Mohon tunggu...
Kavya
Kavya Mohon Tunggu... Penulis - Menulis

Suka sepakbola, puisi dan menulis

Selanjutnya

Tutup

Sosbud Pilihan

Tri Truwosono Penjaga Budaya dari Sengkan

11 Mei 2022   20:11 Diperbarui: 17 Mei 2022   08:54 385
+
Laporkan Konten
Laporkan Akun
Kompasiana adalah platform blog. Konten ini menjadi tanggung jawab bloger dan tidak mewakili pandangan redaksi Kompas.
Lihat foto
Paduan Suara Burung Manyar dalam iringan siter (Foto : Yosi)

Sebuah perayaan di malam Minggu, 30 April 2022. Di sebuah pendopo di RT  06 RW 59 Sengkan, Condongcatur, Depok, Sleman. Perayaan Ekaristi Peringatan 100 Hari berpulangnya Veronica Rubiyem Mangkudiharja

Malam itu lagu-lagu rohani yang dibawakan Paduan Suara Burung Manyar terasa lebih syahdu dengan iringan siter dari Siter Sisters (Feryna Setyowati, Krisma dan Lukita) yang berkolaborasi dengan Putro Nuswantoro (Ari Tejo, Yoyok dan Aam).    .

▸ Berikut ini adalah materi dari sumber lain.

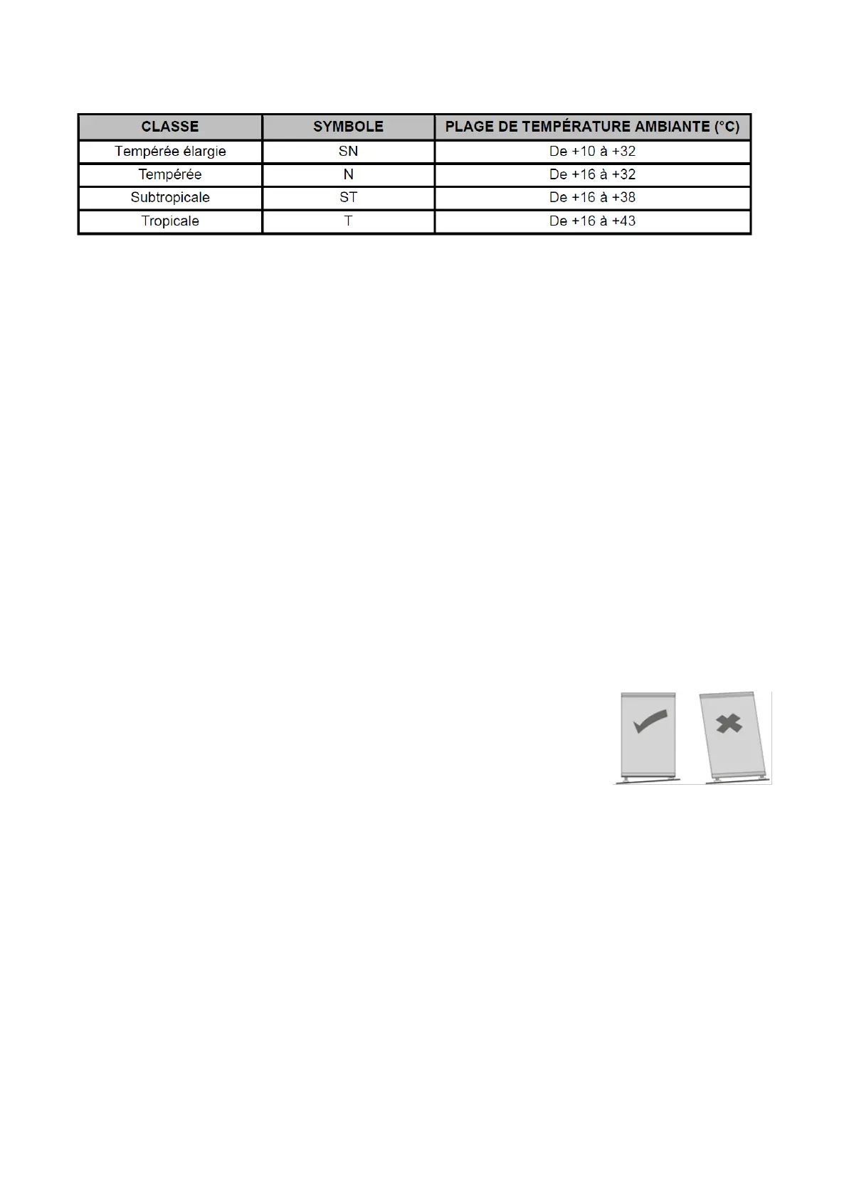 • ST : Cet appareil de réfrigération est destiné à être utilisé à des températures ambiantes comprises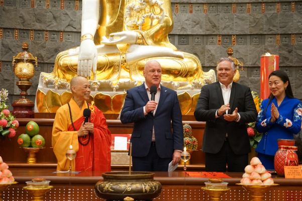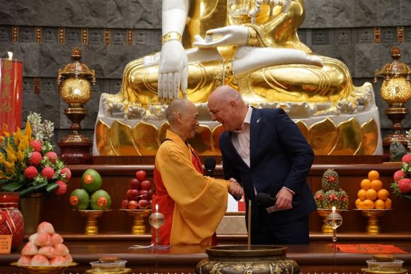 Abbess Manshin of FGS NZ presented the Prime Minister with a Spring Festival couplet in the calligraphy of the Founding Master of FGS Buddhist Order, Venerable Master Hsing Yun, reading Harmony & Coexistence, Galloping Towards Success, as well as an alms bowl symbolising a field of blessings. The Abbess wished the PM peace of mind amid his busy work, encouraging him to maintain inner ease and a joyful, harmonious spirit, and expressed hopes for national prosperity and public well-being.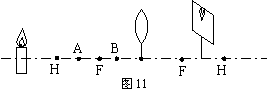 4、(2008湖北荆门)小芳同学实验探究凸透镜成像的规律,她首先按图11所示完成仪器装配,图中H点是2倍焦距处。经过调节,在光屏上得到了一个清晰的像,但像的位置偏高,为了使像能成在光屏的中央,应把蜡烛向______(选填“上”或“下”)调;调节好蜡烛的高度后,她把蜡烛移到A点处,此时光屏上的像很模糊,为了得到清晰的像,应把光屏向______移动(填“左”或“右”),这次成的是倒立、________的实像。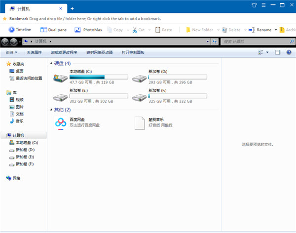 1、选项卡式浏览在默认的Windows资源管理器中,如果您同时打开太多文件夹,那么选择一个指定的文件夹会很烦人,因为它们都挂在任务栏附近。具有选项卡式浏览功能,就像谷歌浏览器或Mozilla Firefox等选项卡式浏览器一样,您可以从一个窗格访问所有文件夹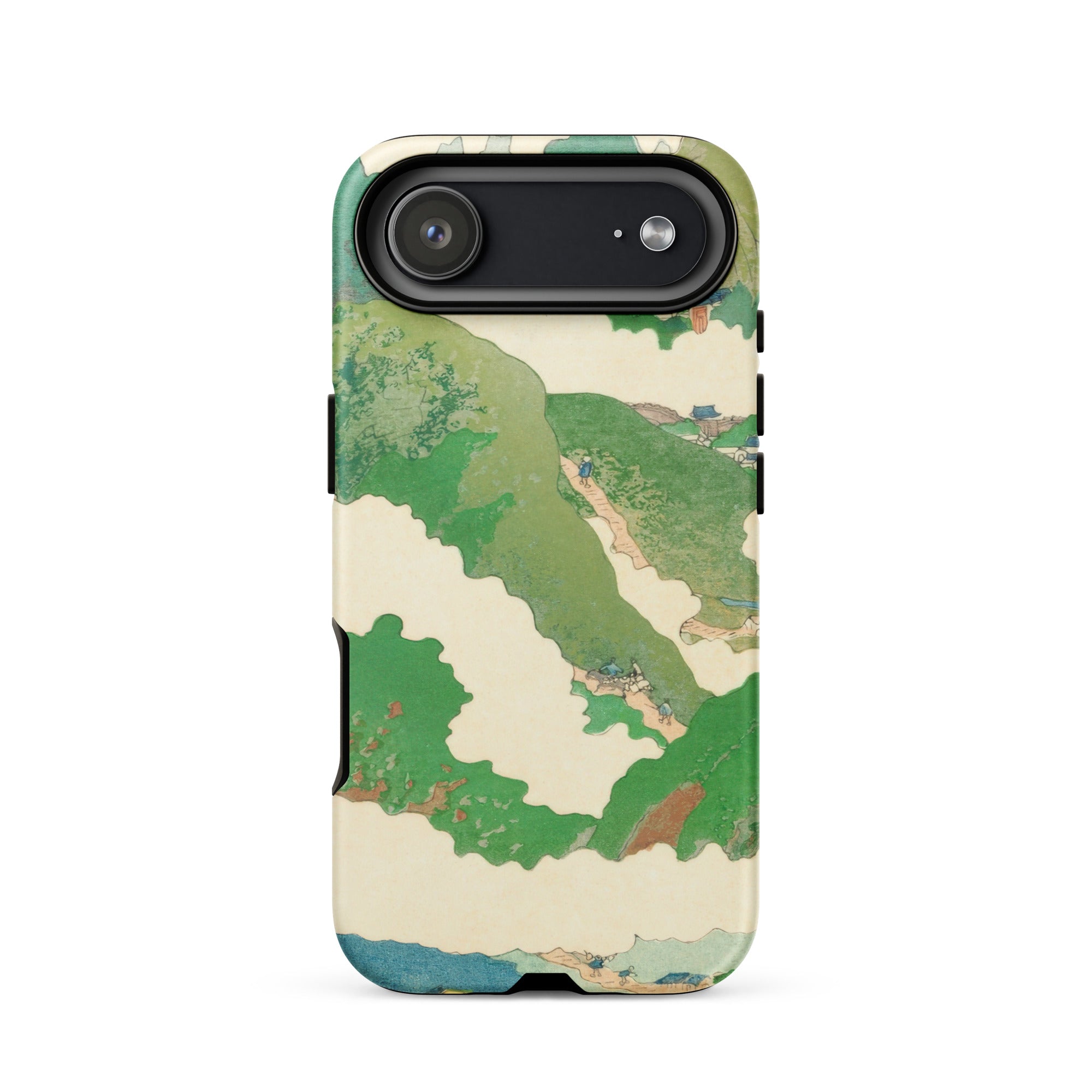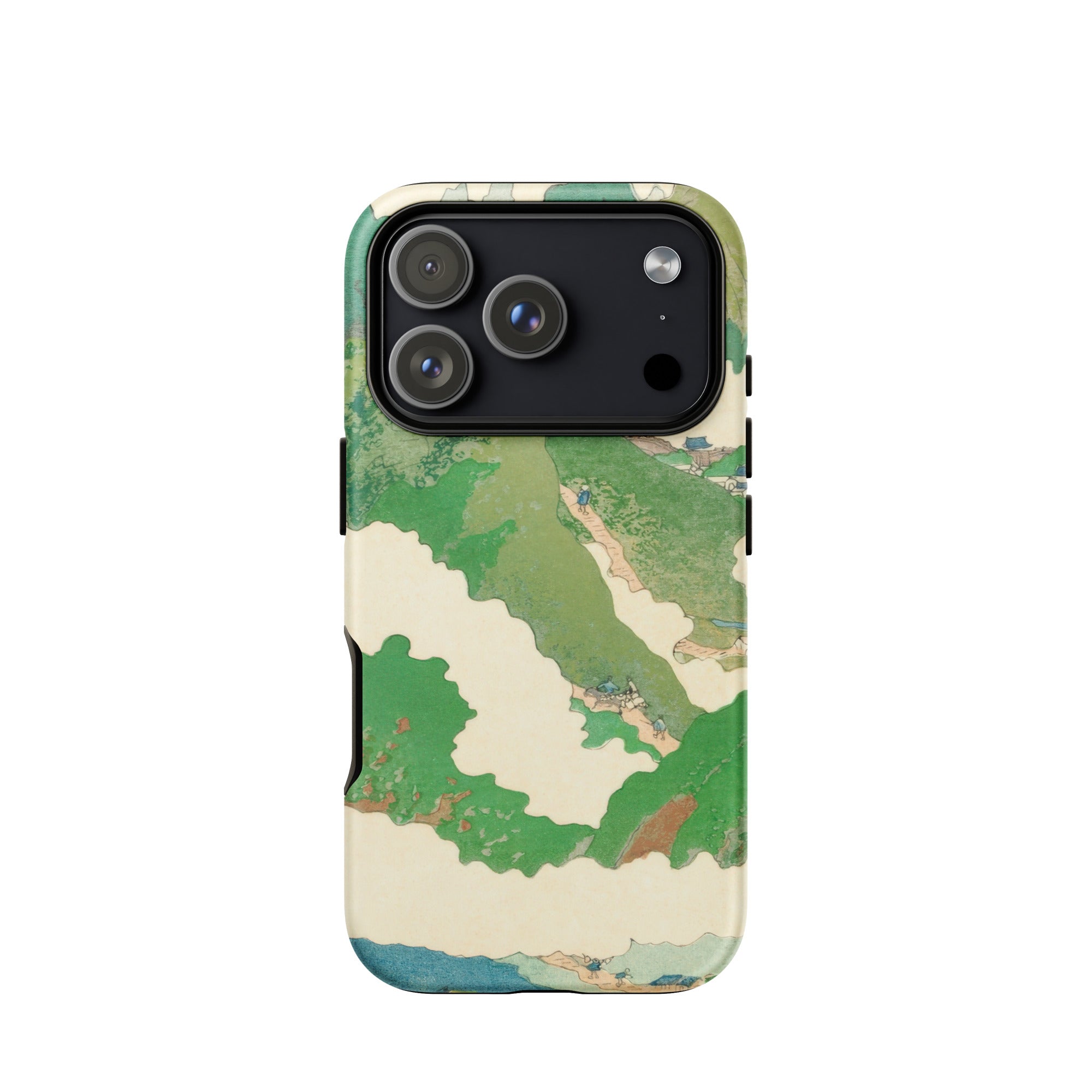 Ink was water once. Paper was forest. And now they've transformed again into armor for glass and circuitry. Each gentle bend, every gradation of moss-green to bottle-glass turquoise, distills the logic of Qing-era terrain painting into portable, pixelated form.

"Sepertinya lagu rohani dengan iringan siter ini baru pertama kalinya," ujar Tri Truwosono, sang tuan rumah yang juga Ketua RW 59 di Sengkan.

Sebanyak 160 undangan yang hadir dalam misa yang dipimpin oleh Romo Mateus Wahyudi MSF menikmati lagu-lagu dengan iringan siter itu, tanpa meninggalkan suasana religi malam itu.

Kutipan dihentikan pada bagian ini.